=== Extracted entries ===

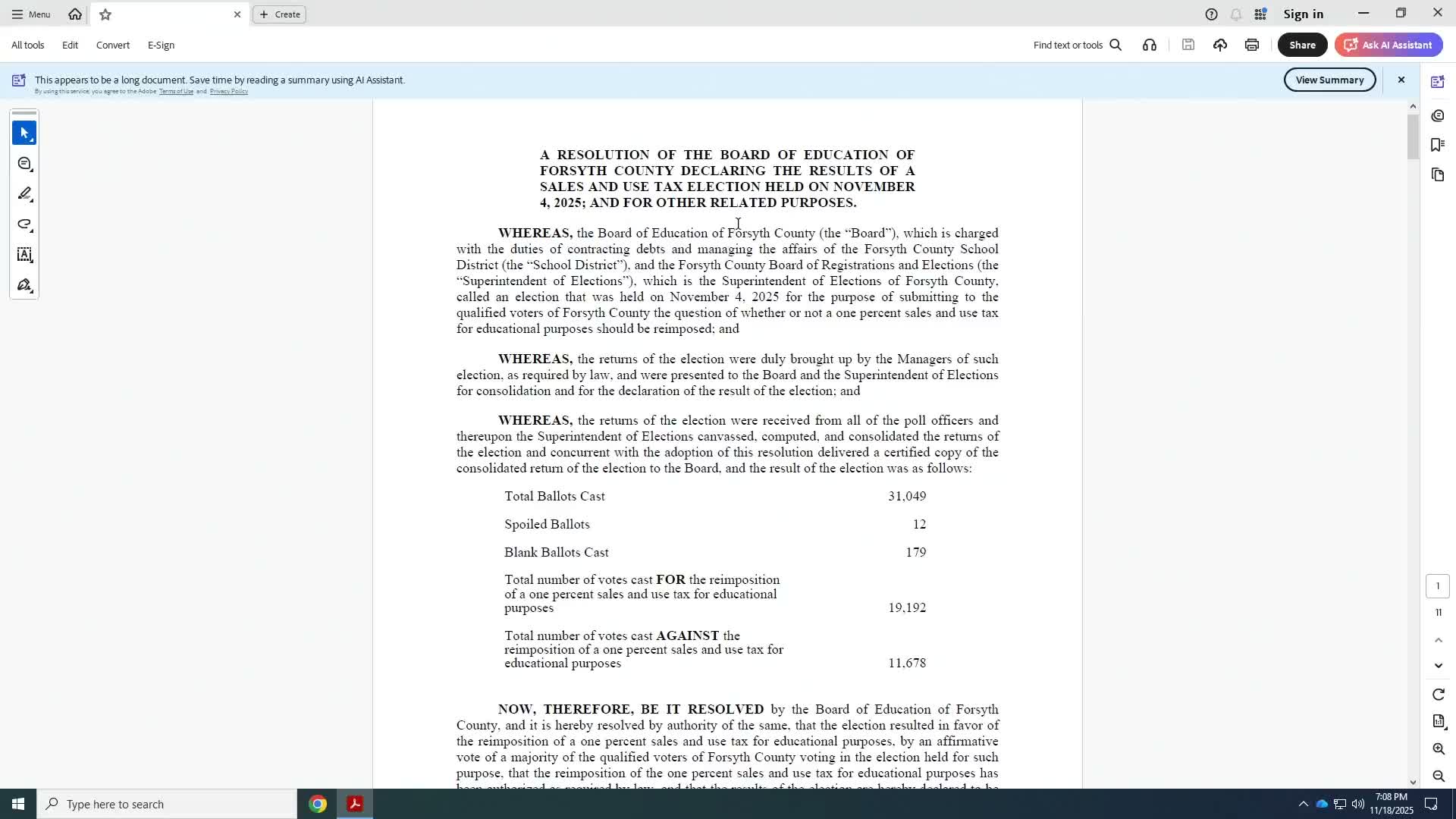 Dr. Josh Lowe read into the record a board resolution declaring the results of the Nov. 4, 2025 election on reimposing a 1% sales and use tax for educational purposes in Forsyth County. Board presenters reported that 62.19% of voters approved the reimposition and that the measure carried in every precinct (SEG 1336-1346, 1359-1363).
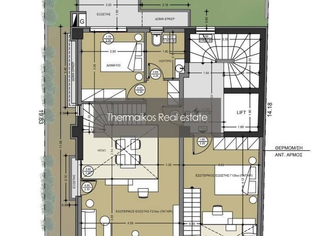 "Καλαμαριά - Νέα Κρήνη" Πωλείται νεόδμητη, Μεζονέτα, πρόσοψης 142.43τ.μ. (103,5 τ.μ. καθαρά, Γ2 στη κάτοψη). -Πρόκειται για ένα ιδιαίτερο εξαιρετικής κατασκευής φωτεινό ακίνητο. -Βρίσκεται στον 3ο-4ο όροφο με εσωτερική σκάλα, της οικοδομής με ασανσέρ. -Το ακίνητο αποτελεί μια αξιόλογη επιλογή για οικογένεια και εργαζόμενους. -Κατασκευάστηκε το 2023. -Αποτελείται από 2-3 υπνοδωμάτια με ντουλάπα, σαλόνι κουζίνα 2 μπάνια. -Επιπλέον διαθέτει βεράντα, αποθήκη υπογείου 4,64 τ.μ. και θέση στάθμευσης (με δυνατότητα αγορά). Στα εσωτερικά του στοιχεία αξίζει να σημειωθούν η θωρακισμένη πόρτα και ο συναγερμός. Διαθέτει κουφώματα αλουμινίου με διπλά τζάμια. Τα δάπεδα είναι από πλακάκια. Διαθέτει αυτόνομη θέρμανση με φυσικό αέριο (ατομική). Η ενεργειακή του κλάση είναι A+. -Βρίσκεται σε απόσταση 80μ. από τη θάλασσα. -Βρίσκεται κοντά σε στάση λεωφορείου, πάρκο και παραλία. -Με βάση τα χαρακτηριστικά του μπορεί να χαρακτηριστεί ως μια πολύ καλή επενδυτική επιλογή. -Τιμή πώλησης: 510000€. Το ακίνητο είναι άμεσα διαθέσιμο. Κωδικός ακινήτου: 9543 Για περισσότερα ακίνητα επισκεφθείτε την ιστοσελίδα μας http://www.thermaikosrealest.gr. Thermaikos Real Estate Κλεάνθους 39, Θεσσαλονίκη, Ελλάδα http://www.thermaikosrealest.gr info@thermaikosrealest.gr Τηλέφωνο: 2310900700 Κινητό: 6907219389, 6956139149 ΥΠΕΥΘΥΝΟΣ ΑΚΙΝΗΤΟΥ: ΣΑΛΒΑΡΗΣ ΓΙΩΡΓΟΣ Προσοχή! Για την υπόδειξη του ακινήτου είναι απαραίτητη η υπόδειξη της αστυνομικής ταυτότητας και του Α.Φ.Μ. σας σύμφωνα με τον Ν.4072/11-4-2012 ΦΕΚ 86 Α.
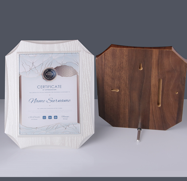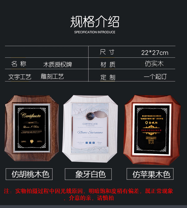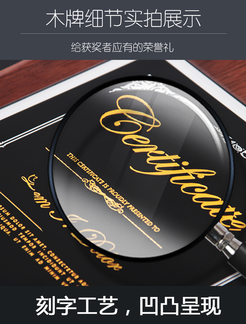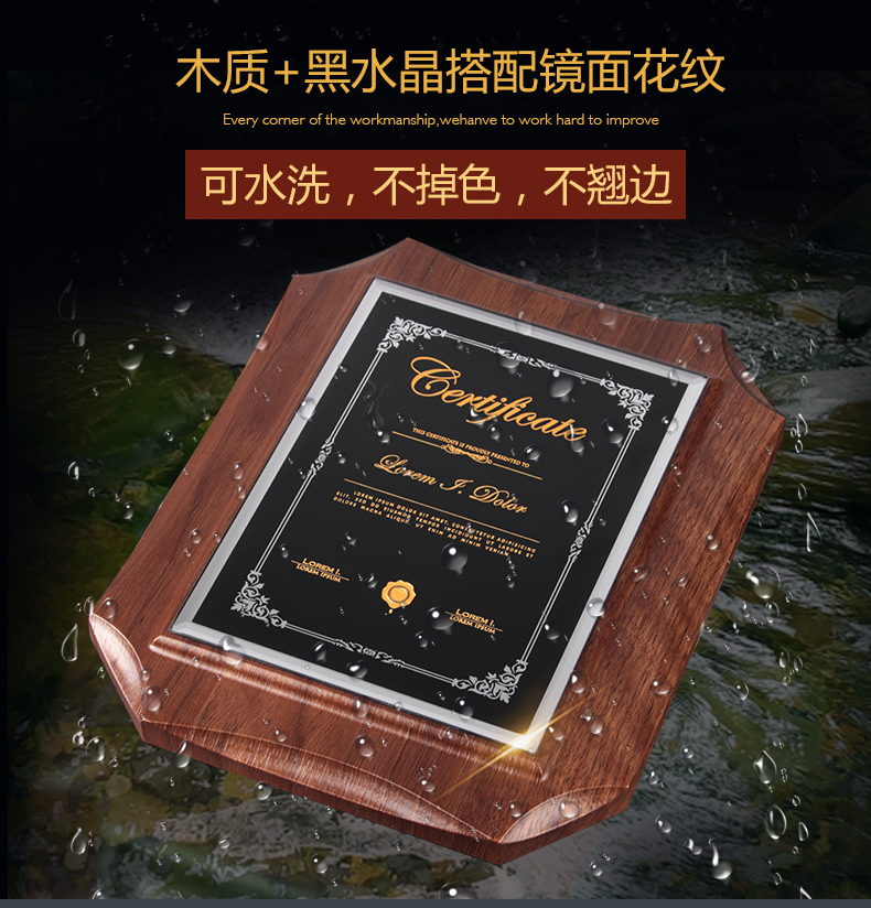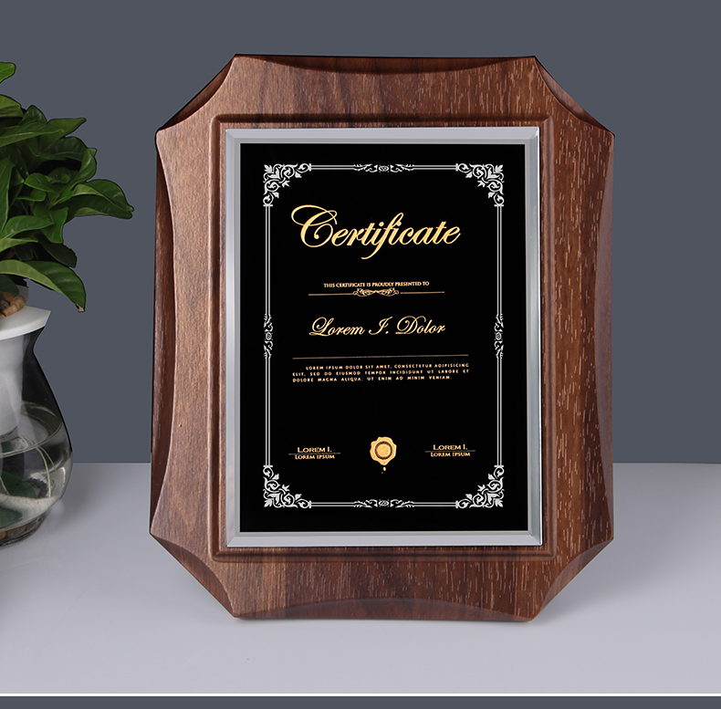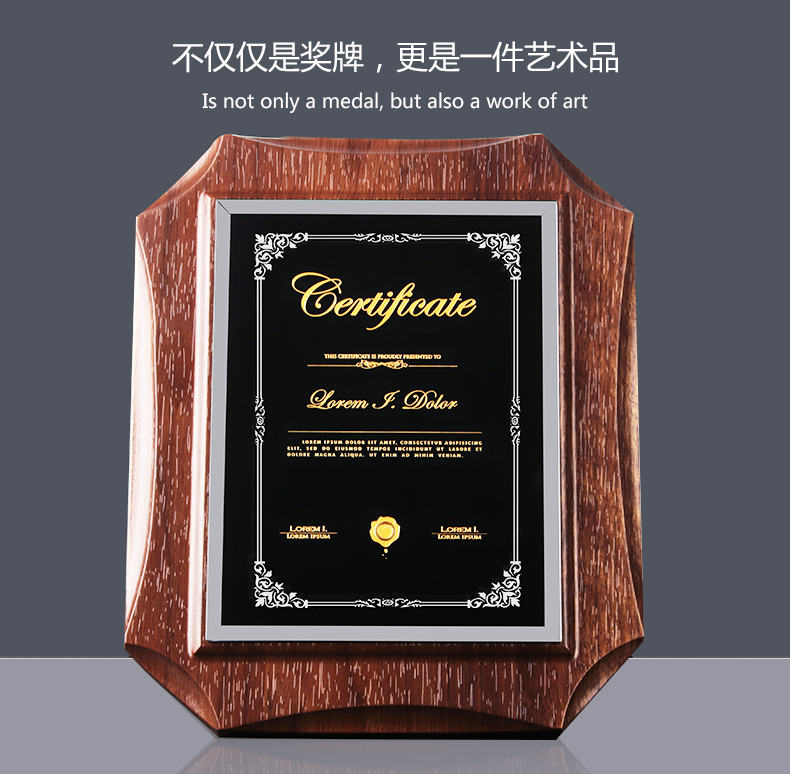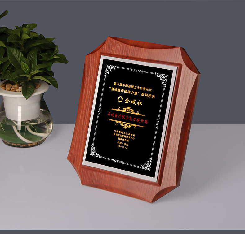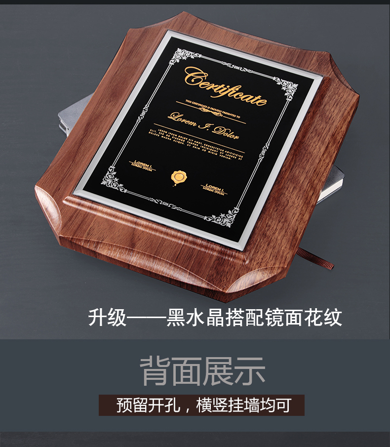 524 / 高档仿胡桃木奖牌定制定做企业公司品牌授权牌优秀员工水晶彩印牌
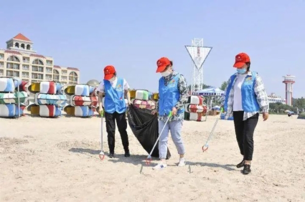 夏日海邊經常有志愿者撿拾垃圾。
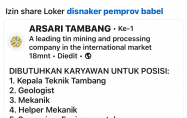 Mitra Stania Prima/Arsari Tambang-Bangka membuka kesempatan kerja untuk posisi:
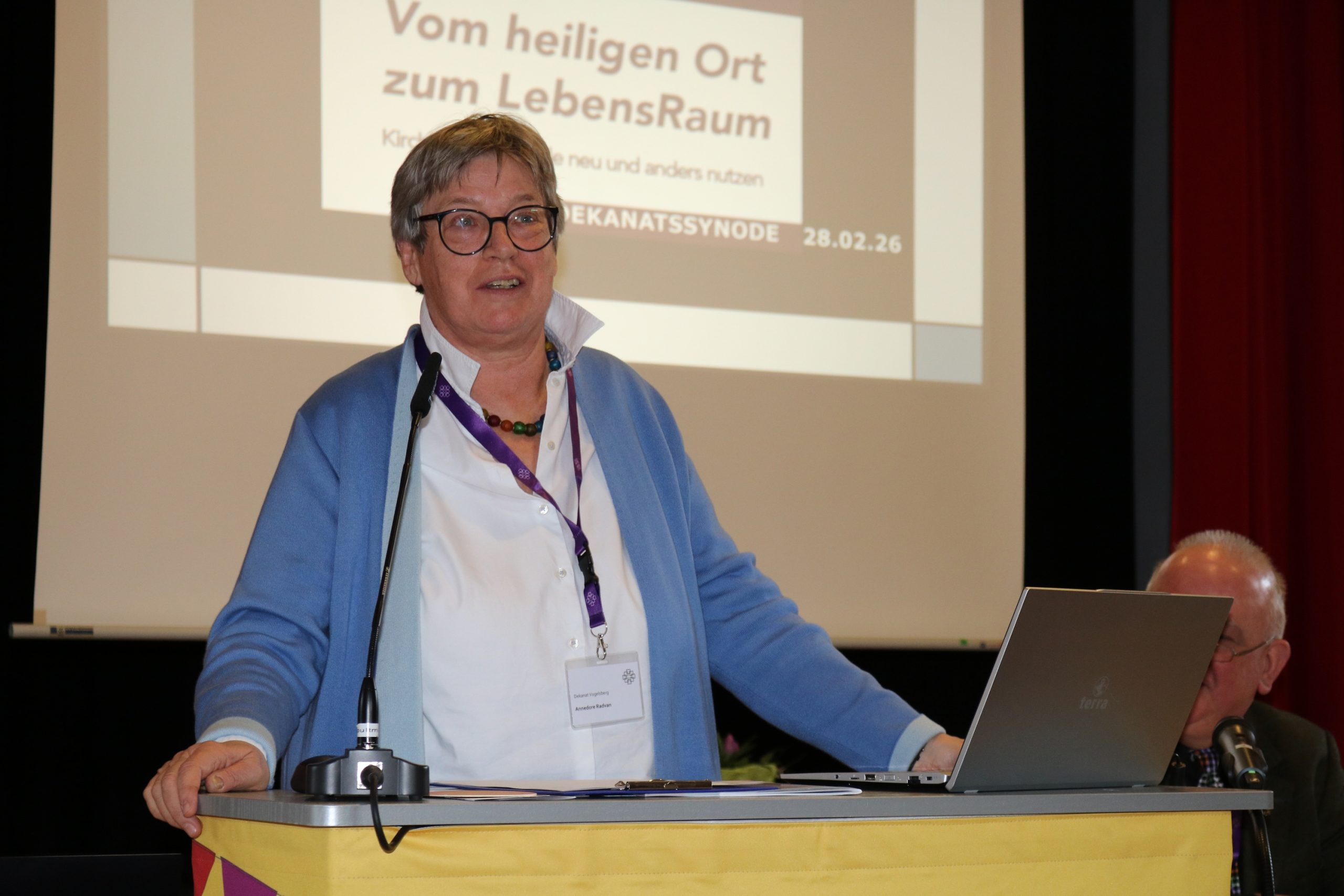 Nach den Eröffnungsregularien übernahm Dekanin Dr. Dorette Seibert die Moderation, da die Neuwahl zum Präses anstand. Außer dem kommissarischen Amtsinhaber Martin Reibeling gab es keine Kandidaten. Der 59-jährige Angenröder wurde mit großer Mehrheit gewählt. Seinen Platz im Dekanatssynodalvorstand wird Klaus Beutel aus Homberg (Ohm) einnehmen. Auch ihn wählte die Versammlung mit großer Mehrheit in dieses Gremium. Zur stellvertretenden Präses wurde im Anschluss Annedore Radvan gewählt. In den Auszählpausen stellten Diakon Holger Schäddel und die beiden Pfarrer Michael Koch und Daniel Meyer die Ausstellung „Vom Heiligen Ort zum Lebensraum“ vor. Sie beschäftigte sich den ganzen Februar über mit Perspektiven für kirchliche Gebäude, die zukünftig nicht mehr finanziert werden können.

===

* What the task asks: Would you restate word for word each line from the one that holds "Mitra Stania Prima/Arsari" to the end of the material, both ends included, without the pictures?

* Response to the task:
 Mitra Stania Prima/Arsari Tambang-Bangka membuka kesempatan kerja untuk posisi:
 Nach den Eröffnungsregularien übernahm Dekanin Dr. Dorette Seibert die Moderation, da die Neuwahl zum Präses anstand. Außer dem kommissarischen Amtsinhaber Martin Reibeling gab es keine Kandidaten. Der 59-jährige Angenröder wurde mit großer Mehrheit gewählt. Seinen Platz im Dekanatssynodalvorstand wird Klaus Beutel aus Homberg (Ohm) einnehmen. Auch ihn wählte die Versammlung mit großer Mehrheit in dieses Gremium. Zur stellvertretenden Präses wurde im Anschluss Annedore Radvan gewählt. In den Auszählpausen stellten Diakon Holger Schäddel und die beiden Pfarrer Michael Koch und Daniel Meyer die Ausstellung „Vom Heiligen Ort zum Lebensraum“ vor. Sie beschäftigte sich den ganzen Februar über mit Perspektiven für kirchliche Gebäude, die zukünftig nicht mehr finanziert werden können.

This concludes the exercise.